The truth is, New York City has had a relatively cool summer this year. According to the Times, this was the second, or perhaps third, coolest June and July on record.

Our first 90-degree day came on Aug. 10. And we had had other hailstorms nearby, too. In July, several inches of hail fell in Yonkers. Then, Joe Pollina, a meteorologist with the National Weather Service, told the Times that the stormy weather was the result of a polar jet stream that had, uncharacteristically, stayed on a southerly course. (The jet stream forms at the boundary between cooler northern air and warmer southern air, and that's where storms often start.)

Global warming? Not so much, apparently.

Nonetheless, it's worth noting that scientists have observed that as average temperatures have inched up in recent decades, the jet stream has shifted poleward at a rate of 1.25 miles per year, at least between 1979 and 2001.

It's impossible to say how this shift bears on Tuesday's storm. The jet stream isn't exactly straight. It dips and rises in sine-wave fashion as it travels west to east around the globe.

But there are other reasons to think that a warmer world could have more hail.

According to NOAA, hail forms inside a thunderstorm when updrafts carry water droplets upwards into cooler air. They freeze high up and then travel back down with downdrafts. Then they catch another updraft, adding yet another layer of ice as they rise again into the cold.

This can go on and on, the hail stone growing with each trip into the freezing zone.
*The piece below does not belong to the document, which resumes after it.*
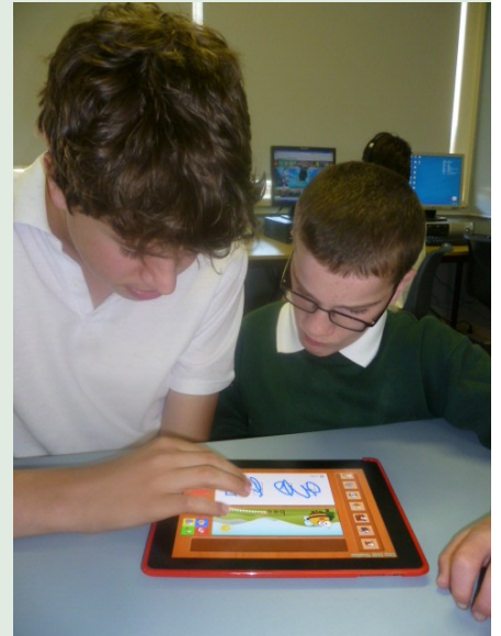
Class M students are enjoying learning on the iPads.

A cross section of a hailstone will reveal growth rings like a tree. (Take a look at NOAA's photos.)

More intense storms are a common prediction for a warmer world. And to the degree that more powerful storms increase the probability of that droplet going up and down and up again — gaining ice mass with each trip — it's probable that hailstorms may be more intense in the years to come.
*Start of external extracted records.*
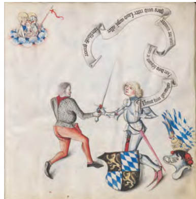
Fig. 12: Dedicatory Miniature, Paulus Kal's Fechtbuch for Ludwig of Bavaria, Bayerische Staatsbibliothek, Cgm. 1507, fol. 5r.

As fight books relied increasingly on pictorial communication, the indoctrinated viewer would have been called upon to “textualize” the minimally captioned or completely unannotated images. Like the laconic verses so often deployed in the genre, the illustrations of martial manuals functioned as mnemonic prompts that could induce viewers to recall not only the verbal rhymes associated with them, but entire repertoires of movement and strategy. Thus, the glimpses of armoured and unarmoured combat that appear in the Thun album’s fifteenth-century drawings could have stimulated viewers’ recollection of the actions that constituted particular fighting traditions, the verses that helped commit them to memory, and the absent masters who taught them.
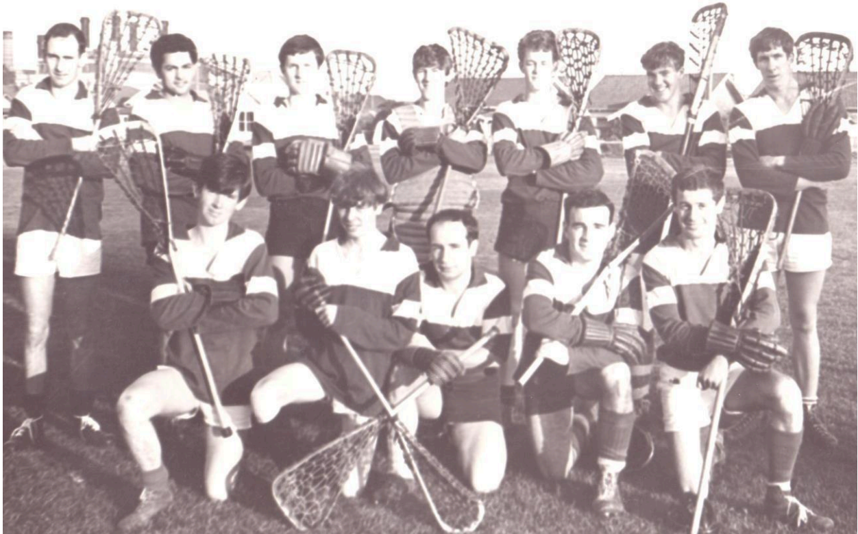
Senior men's team 1966 (Photo taken 30 July)
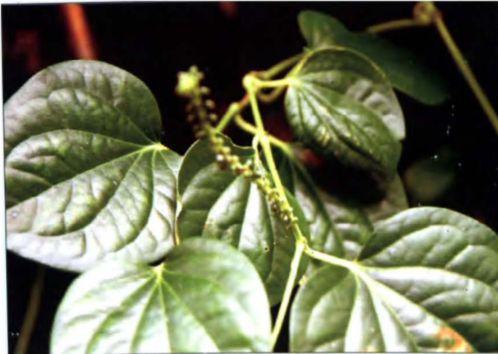
Piper sylvaticum Roxb.
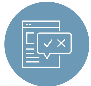
Online Survey and Engagement Tools
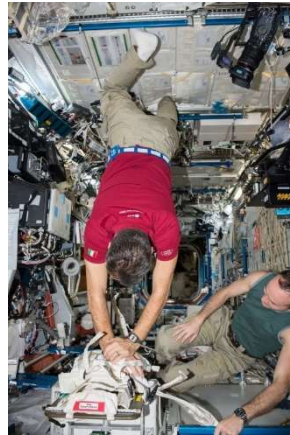
Figure 2 56

Research in space medicine is ongoing, but it is hindered in part by environment and in part by a lack of available research. Much of the needed research is, in turn, limited by current capabilities and risk assessments towards human health. 57 Eventually, risk standards will need to be less strict if astronauts are to undertake long-duration missions. Emergency medicine may offer a model as to how risk can be managed during a long-duration flight.

That was the conclusion of a 2007 study in the Proceedings of the National Academy of Sciences. Particularly, the authors note, storm severity increases as the temperature and humidity differences between distinct air masses at different altitudes increases. The cooler the air above relative to that below, the faster the hot air will rise, and the more intense the storm.

Then there's the phenomenon of large chunks of ice falling from otherwise clear skies. Spain was battered with such falling ice in 2000. And in 2006, a microwave-oven-size ice-ball fell from skies over Douglasdale, a suburb of Johannesburg, South Africa, the first such recorded case in Africa.

These large ice balls are apparently in a different league than your average hailstone. And they have their own designation: "megacryometeors."

A Spanish scientist, Jesus Martinez-Frias, who co-coined the term, has a website entirely dedicated to tracking them.

On his site, he says: "Atmospheric megacryometeors could be a new type of fingerprint (geoindicator) of Climate Change. Tropospheric Global Warming (and mainly Stratospheric Cooling) might be making the tropopause colder, moister and more turbulent, creating conditions in which ice crystals could grow, forming, unusually and much more recurrently, large ice conglomerations."

The troposphere – the part of the atmosphere closest to Earth's surface – is where most weather happens. The stratosphere is above the troposphere; that's where jet airlines fly to avoid most weather, and it's generally cooler. And the tropopause lies between.

As it turns out, summer hailstorms in New York City are more common than one might imagine. The Times has reports of hail falling in the region stretching back to the late 19th century. And yes, witnesses always say they've never seen anything like it.